• **Dataset content**
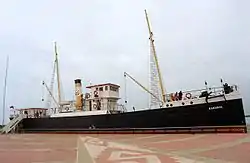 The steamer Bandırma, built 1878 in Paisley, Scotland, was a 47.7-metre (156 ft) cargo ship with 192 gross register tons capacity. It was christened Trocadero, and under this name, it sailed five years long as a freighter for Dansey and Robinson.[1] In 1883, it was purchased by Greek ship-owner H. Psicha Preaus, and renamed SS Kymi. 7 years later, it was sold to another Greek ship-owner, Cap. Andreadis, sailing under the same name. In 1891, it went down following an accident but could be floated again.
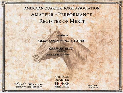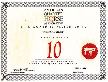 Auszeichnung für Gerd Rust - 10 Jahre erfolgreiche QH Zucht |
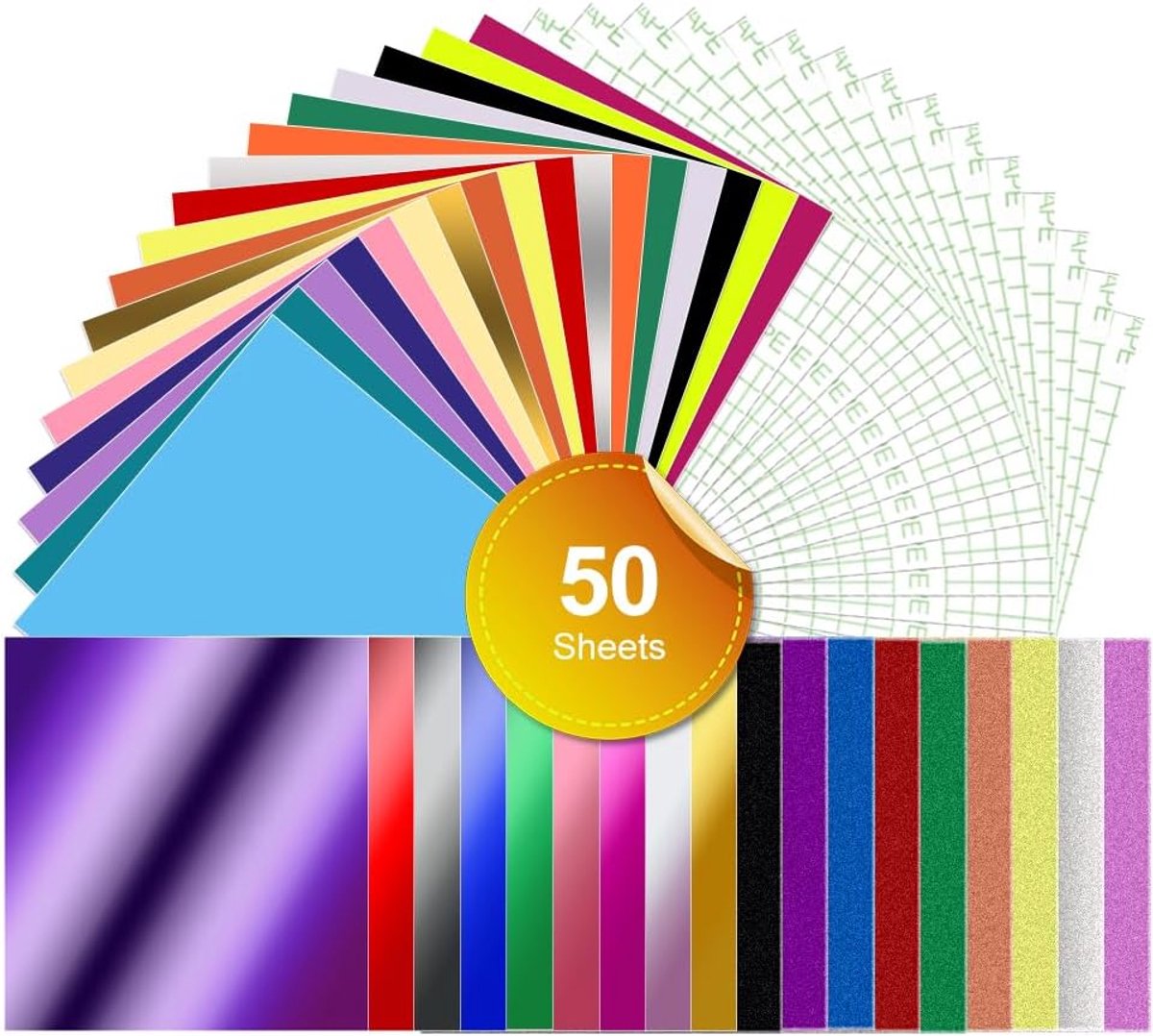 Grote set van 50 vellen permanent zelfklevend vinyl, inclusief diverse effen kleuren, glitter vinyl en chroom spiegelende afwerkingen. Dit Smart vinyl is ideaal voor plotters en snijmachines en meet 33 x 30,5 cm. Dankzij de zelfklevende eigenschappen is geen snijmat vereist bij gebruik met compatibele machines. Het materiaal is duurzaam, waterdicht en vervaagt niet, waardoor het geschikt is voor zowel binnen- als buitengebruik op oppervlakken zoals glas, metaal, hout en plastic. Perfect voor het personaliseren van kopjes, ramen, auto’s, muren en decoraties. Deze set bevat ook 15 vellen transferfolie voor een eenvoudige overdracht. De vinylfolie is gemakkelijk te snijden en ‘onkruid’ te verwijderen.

• **What to work on**
Transcribe the preceding listing in its entirety and with exact wording, leaving out pictures.

• **Task output**
 The steamer Bandırma, built 1878 in Paisley, Scotland, was a 47.7-metre (156 ft) cargo ship with 192 gross register tons capacity. It was christened Trocadero, and under this name, it sailed five years long as a freighter for Dansey and Robinson.[1] In 1883, it was purchased by Greek ship-owner H. Psicha Preaus, and renamed SS Kymi. 7 years later, it was sold to another Greek ship-owner, Cap. Andreadis, sailing under the same name. In 1891, it went down following an accident but could be floated again.
 Auszeichnung für Gerd Rust - 10 Jahre erfolgreiche QH Zucht |
 Grote set van 50 vellen permanent zelfklevend vinyl, inclusief diverse effen kleuren, glitter vinyl en chroom spiegelende afwerkingen. Dit Smart vinyl is ideaal voor plotters en snijmachines en meet 33 x 30,5 cm. Dankzij de zelfklevende eigenschappen is geen snijmat vereist bij gebruik met compatibele machines. Het materiaal is duurzaam, waterdicht en vervaagt niet, waardoor het geschikt is voor zowel binnen- als buitengebruik op oppervlakken zoals glas, metaal, hout en plastic. Perfect voor het personaliseren van kopjes, ramen, auto’s, muren en decoraties. Deze set bevat ook 15 vellen transferfolie voor een eenvoudige overdracht. De vinylfolie is gemakkelijk te snijden en ‘onkruid’ te verwijderen.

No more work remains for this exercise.